Yoga Sutras of Patanjali — Bouanchaud translation
How does one recognize obstacles as obstacles when they arrive? I think this a key point in any yogi’s development for an event that looks like a boulder in one perspective is but a grain of sand from another viewpoint.
For me, the key point to take from this sutra is that suffering, depression, restlessness, and breathing issues are not endpoints. They’re road signs that point us towards an obstacle. In this case, they’re not ‘enemies’ but ‘friends’ along the journey.
It sounds a little confusing even to my ears and I came up with this tortured logic but here goes and perhaps someone can sort this out by whatever means necessary. Let’s take suffering as an example. Recently, I was rejected for a job promotion. There’s no nice way to be rejected from something. It always hurts. There’s no hiding hole for the ego. Bottom line: regardless of what you bring to the job, the people in authority liked someone else better. Suffering ensues.
In some fairy tale version of my self, I’d like to report that I took it all in stride and stayed 100% present, consigned my rejection to the past with detachment and dispassion. I didn’t. It was personal. It hurt. The ego had its ass kicked and it stung.
And there it is – I felt miserable because the ego was wounded. Okay, for a few minutes, it was howling and I was physically restless and my breathing was more than a little rickety.
What does yoga tell me to do? It told me to go with it. Instead of making attempts to distract myself or further disperse my mental energies, yoga told me to turn inwards and go deeper. What was the nature of the suffering? It was an ego wound. What to do about it? Breathe it in. Welcome it. Don’t push it away. Explore it. Follow the breath through the nooks and the crannies of the emotion. Be with it. Be present in it.
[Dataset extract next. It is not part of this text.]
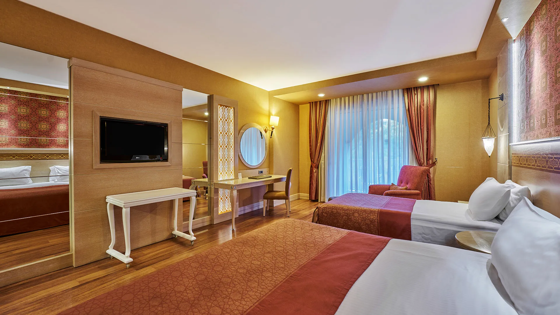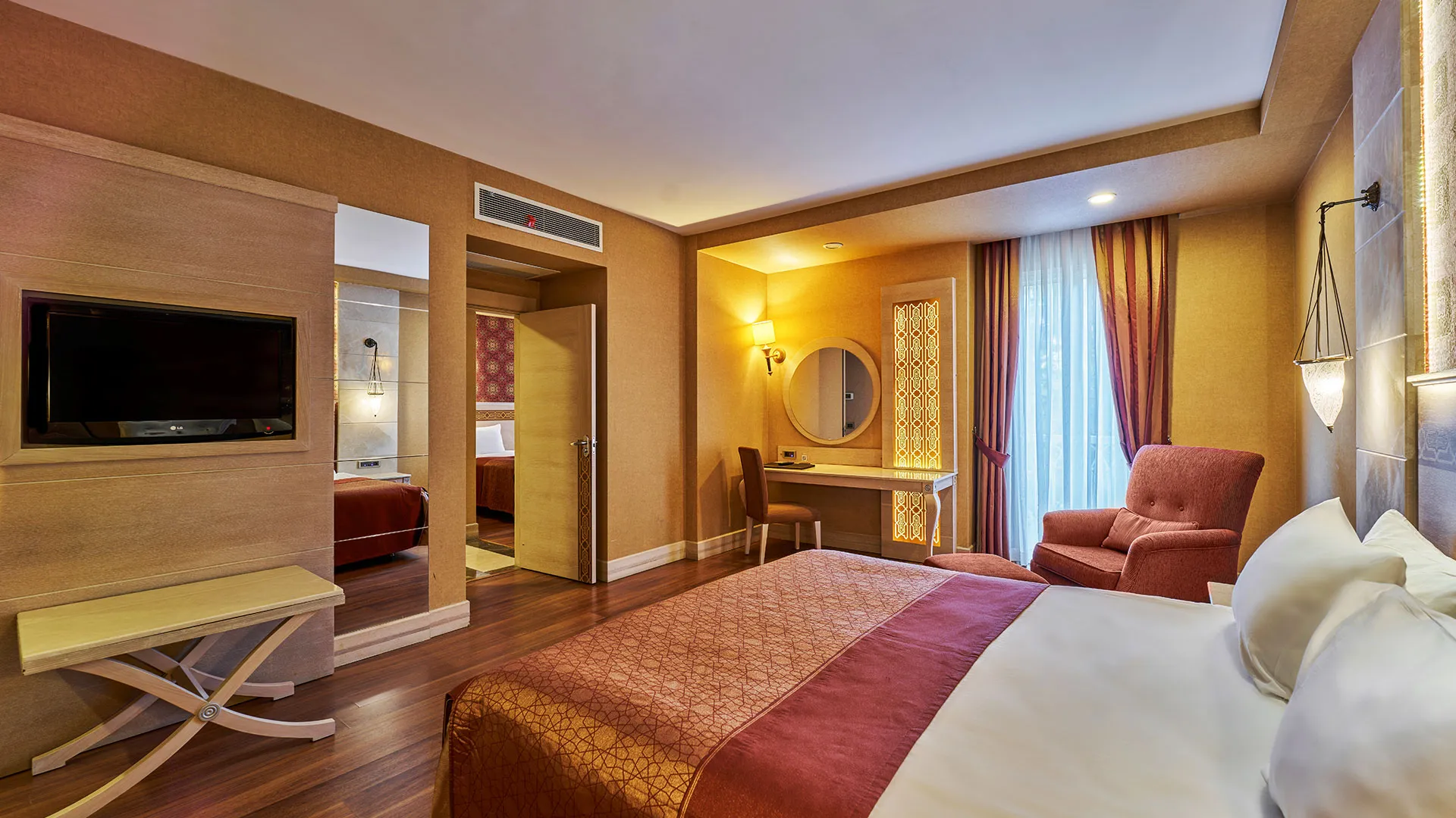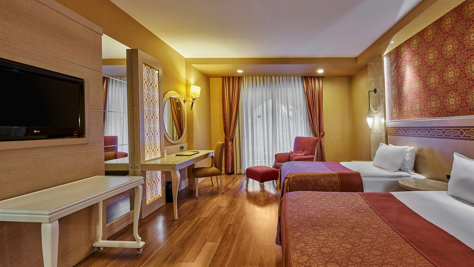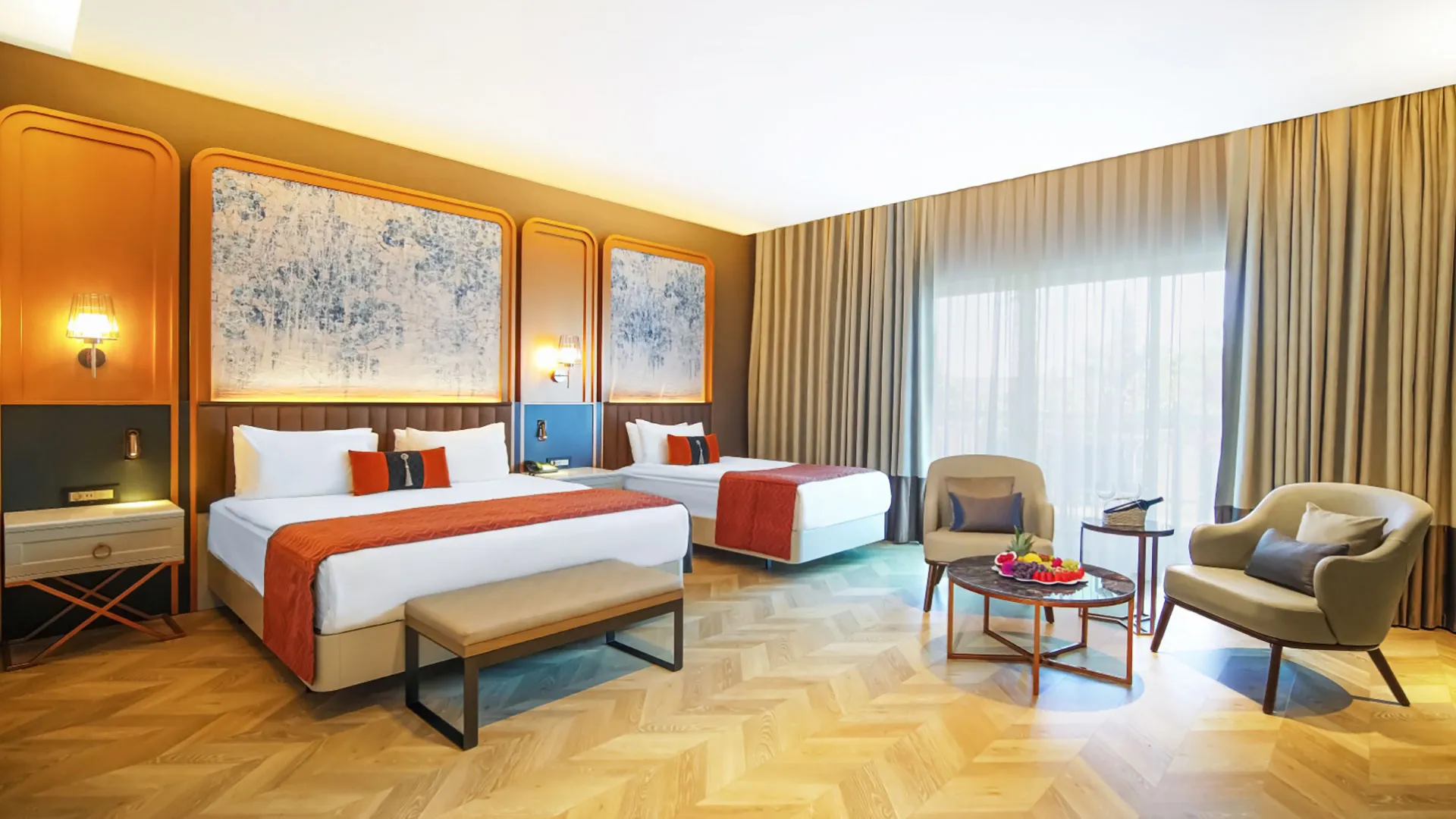 Интериорът на всички стаи в Gural Premier е в изтънчени нюанси на златисто и кафяво, като се отличава с дървени подове и изящни ориенталски детайли. Всяка стая разполага с уютен балкон и луксозна хидромасажна вана в банята.
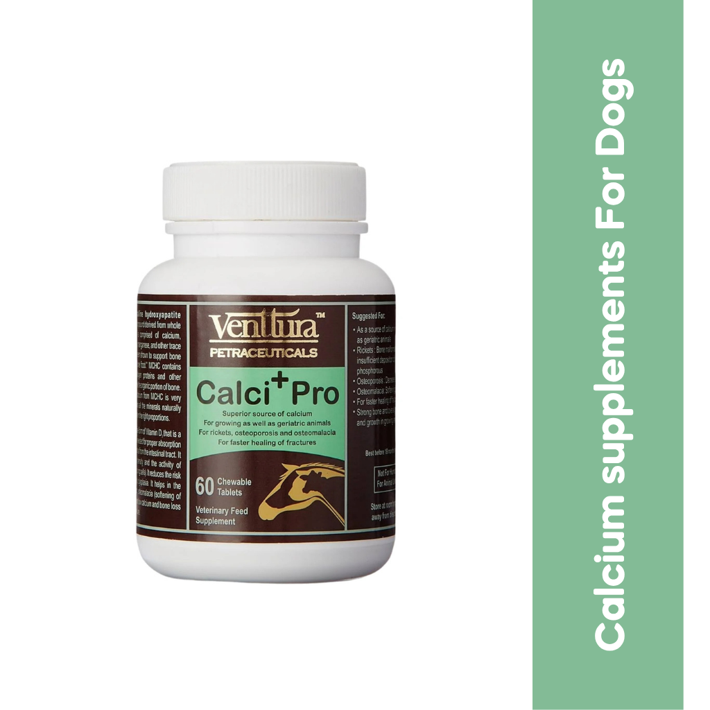 Introducing CALCI PRO PLUS TABLET, a premium calcium supplement designed specifically for dogs. This advanced formula, brought to you by VENTTURA, is a powerhouse of essential nutrients aimed at promoting optimal bone health and overall wellbeing in your furry friend. Ideal for dogs of all breeds and ages, CALCI PRO PLUS TABLET is a must-have addition to your pet's diet, ensuring they stay strong, active, and healthy.

It’s this act of introspection and examination that allows suffering to ease as the self examines it. Bouanchaud gives us three kinds of suffering (duhkhatrayam)
• That originating in oneself
• Suffering on the account of others
• That arising from natural disasters
Clearly, in this instant, my suffering originated in myself. So what to do about it? Accept it for what it is. It’s an ego wound. My pride was on the line and got kicked.
And this brings us to the key point of yoga that we sometimes overlook. I am not my ego. My pride is wounded but none of this is me. The ego, the pride – all of these is tools of my self but are not Self.
A few months ago, I asked the Universe a question about dharma – what direction should I take at this point in my life. In this rejection, the Universe answered. As that realization came to the forefront of consciousness, the restlessness went and my breathing steadied.
The ego wound is still a little raw. It’s going to take a few days for it to recover. To that end, I think a little tender loving care towards it might be in order. Sukha displaces dukha if we let it.